BBQ Ethics

80% of this country live in urban areas and there would be no way to feed these people without factory farming for both meat and produce. Since farming started being mechanized about 150+ years ago the population has increased 700% partly because of the abundance of food from mechanized farming. As a result we have developed a society that is so dependent on this technology that a major portion of the worlds population would probably die if it were shut off.

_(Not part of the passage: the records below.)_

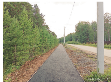
Тротуар от ул. Папанинцев до КП «Дубрава»

Устройство тротуара по ул. Свободы от ул. Папанинцев до КП «Дубрава» – 5842,62 тыс. руб.;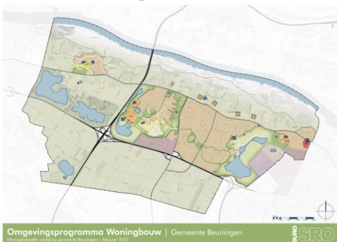
Concept Panorama 2040, 'Authentiek Beunings' met een vleugje stad'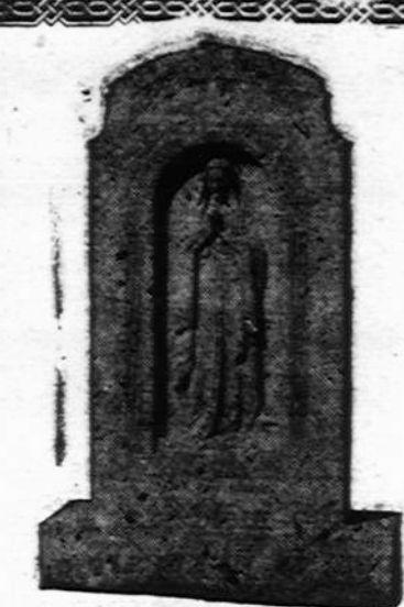
Mūsų pastatytas TEVAMS MARIJONAMS

DDYSIS Ofisas ir Dirbtuvė: 527 N. WESTERN AVE. (Netoli Grand Ave.) PHONE: SEELEY 6103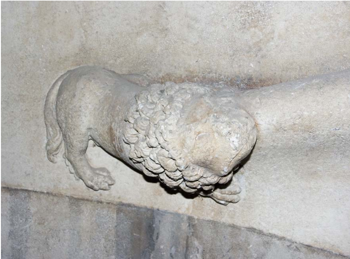
Fig. 33.- Llonja. Interior. Detall de l'arrambador.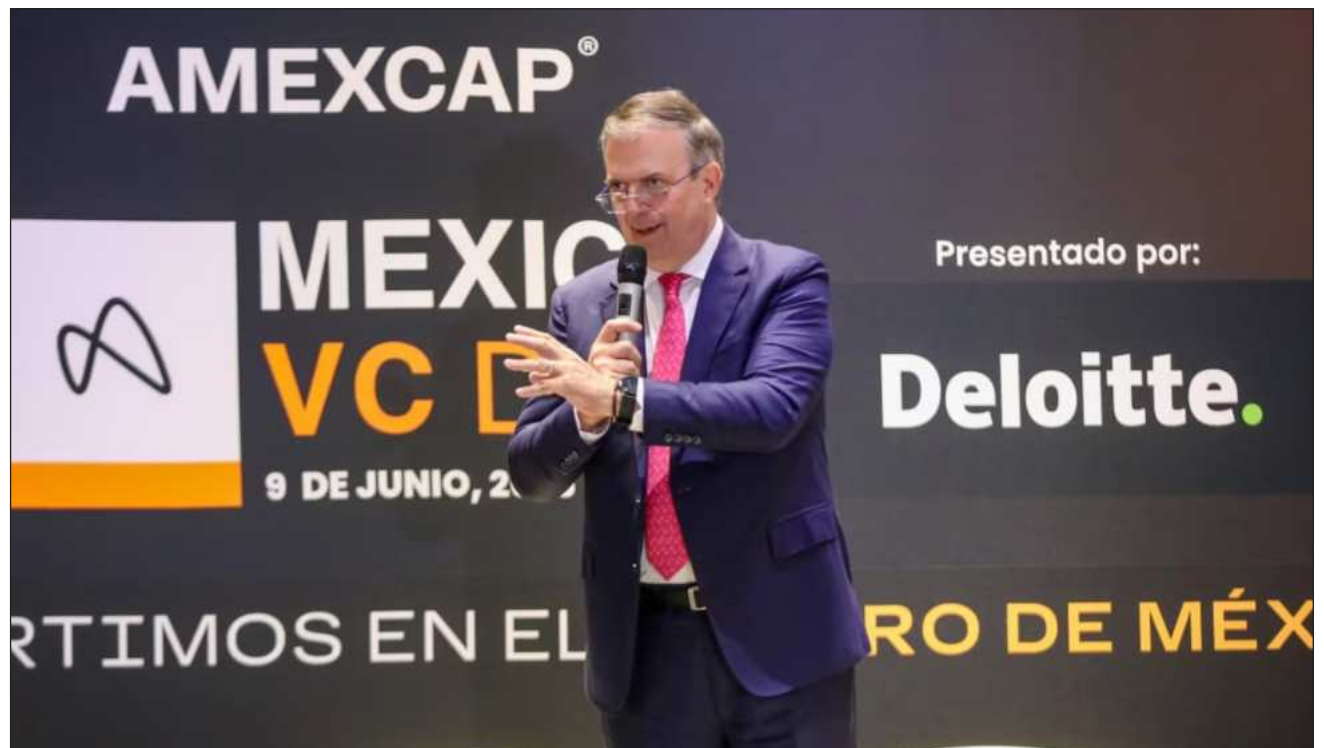
▲ El funcionario explicó que México paga actualmente un arancel de alrededor de 3.6% para ingresar al mercado de EU, mientras que sus competidores más dinámicos enfrentan tasas considerablemente más altas.

Ebrard dijo que la política comercial de Washington generará condiciones para que México crezca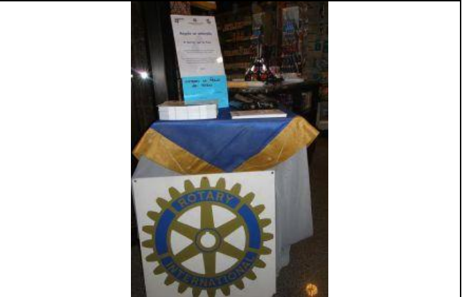
5 dicembre 2009 Richiesta per Polio Plus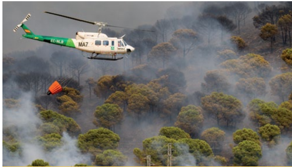
Löscharbeiten in den Bergen von Mijas, Málaga

Allein in Sachsen wurden 2022 durch Brände rund 900 Hektar Wald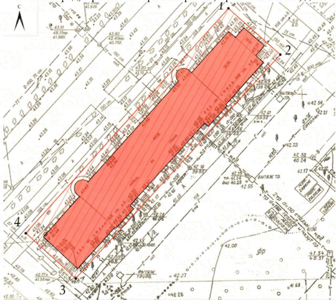
Схема границ территории объекта культурного наследия регионального значения "Дом жилой", расположенного по адресу: Волгоградская область, г. Волгоград, Краснооктябрьский район, пр-кт Волжский, д. 2

Границы и режимы территории объекта культурного наследия регионального значения "Дом жилой", расположенного по адресу: Волгоградская область, г. Волгоград, Краснооктябрьский район, пр-кт Волжский, д. 2

James Burke called this the “technology trap” when he presented it in the first episode of “connections” tv serious back in the 1978. Here is the episode. https://youtu.be/XetplHcM7aQ

Chris
 
80% of this country live in urban areas and there would be no way to feed these people without factory farming for both meat and produce. Since farming started being mechanized about 150+ years ago the population has increased 700% partly because of the abundance of food from mechanized farming. As a result we have developed a society that is so dependent on this technology that a major portion of the worlds population would probably die if it were shut off.

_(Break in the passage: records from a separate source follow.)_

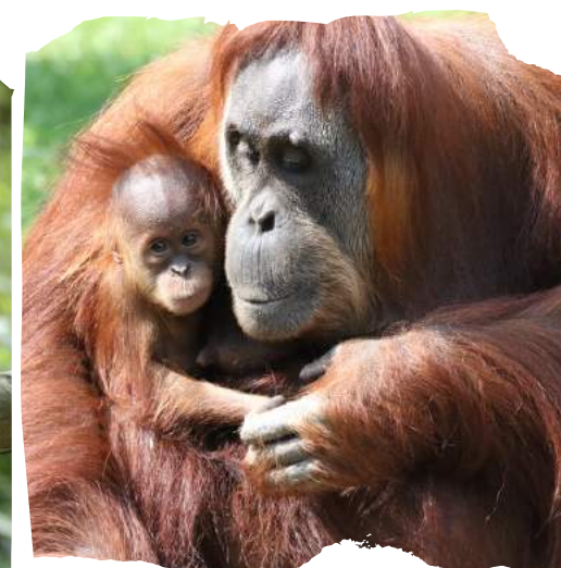
Orang-outan de Sumatra Pongo abelii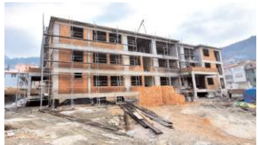
16 derslikli Kargı Cumhuriyet Yatılı Bölge Ortaokulu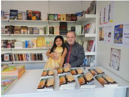
Firmando libros en el stand de Mira Editores, en la Feria del Libro de Zaragoza.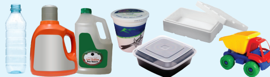
Mga Plastik na Botelya, Lalagyan, Talukap, Matigas na Plastik, Mga Laruang Plastik, at Packaging na Styrofoam

Plastic Bottles, Containers, Lids, Hard Plastics, Toys, and Styrofoam Packaging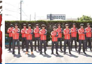
トヨタ紡織(愛知県刈谷市)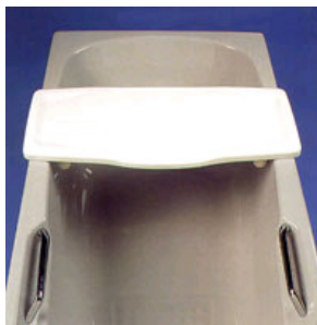
Kat. číslo ZREGEL70002000 Sedačka na vanu Cosby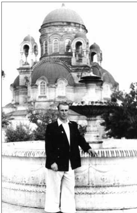
Сразу после армии. Новочеркасск. 1954 г.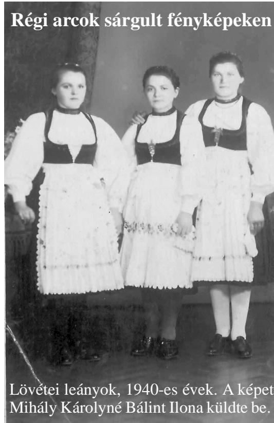
Régi arcok sárgult fényképeken

- Biztos anyádtó', fiam, me' az enyim még megvan!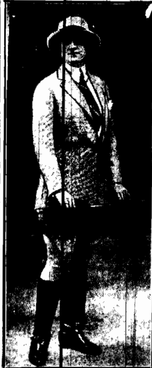
Elegancki kostium damski do konnej jazdy, niczem się różniący się od męskiego, a zastępujący świetnie niewygodną amazonkę.

James Burke called this the “technology trap” when he presented it in the first episode of “connections” tv serious back in the 1978. Here is the episode. https://youtu.be/XetplHcM7aQ

Chris


Yep. We live about three days from barbarism. Only species to put ourselves in this position for the sake of efficiency.
 
This is why I love you. :becky: Not in that way.:tsk::tsk:

Well said.


Yer making me blush :icon_blush:


Well that’s just the way I see it.


I think there is a price to pay for just mindlessly shoving another mammal down yer gullet...
 
lol I don't want to hear any complaints next time I post pics of processing chickens, deer, pigs, rattlesnake, etc.. :laugh:
I like to know my critters were fed well and lived the best life possible. A happy critter is a tasty critter. :grin:
 
Thanks for the thoughtful replies. Gonna read more about the "technology trap." Also been looking forward to learning to kill and butcher my own food.

For the rest of you, there's an excerpt from one of our greatest American forefathers, Benjamin Franklin, that I think is relevant here. In it, he describes how difficult it can be - despite having previously taken up vegetarianism - to turn down a good fish fry.

I believe I have omitted mentioning that, in my first voyage from Boston, being becalm'd off Block Island, our people set about catching cod, and hauled up a great many. Hitherto I had stuck to my resolution of not eating animal food, and on this occasion I consider'd, with my master Tryon, the taking every fish as a kind of unprovoked murder, since none of them had, or ever could do us any injury that might justify the slaughter. All this seemed very reasonable. But I had formerly been a great lover of fish, and, when this came hot out of the frying-pan, it smelt admirably well. I balanc'd some time between principle and inclination, till I recollected that, when the fish were opened, I saw smaller fish taken out of their stomachs; then thought I, "If you eat one another, I don't see why we mayn't eat you." So I din'd upon cod very heartily, and continued to eat with other people, returning only now and then occasionally to a vegetable diet. So convenient a thing is it to be a reasonable creature, since it enables one to find or make a reason for everything one has a mind to do.

I guess what I'm getting at is that given what I know to be true about the negative effects of factory farmed meat, I'm looking for better reasons than a fat, full belly and dogpiss cider to continue enjoying the delicious bounties of modern human civilization.
 
How do you justify your support of the factory farming industry?

Because it tastes good on the pit! :nod:

I understand the ideas about big farming operation and ethics. I have watched documentaries, and have even almost thought about trying to convince myself to possibly go with a lighter on the meat product, heavy on the vegetable and grain product diet. :noidea: However...those farmers are feeding their families, providing America with food, doing the best they know how AND there aren't enough benefits for meat production companies to change their practices so they accommodate the animals feelings. I am not going to worry about local farmers raising their pigs or turkeys in a barn, where they don't free range. I know those farmers, and they are some of the best people I know. So the shortest long answer I can give you is:

If it tastes good, and you aren't murdering or harming a person to eat it, it is ethical to eat!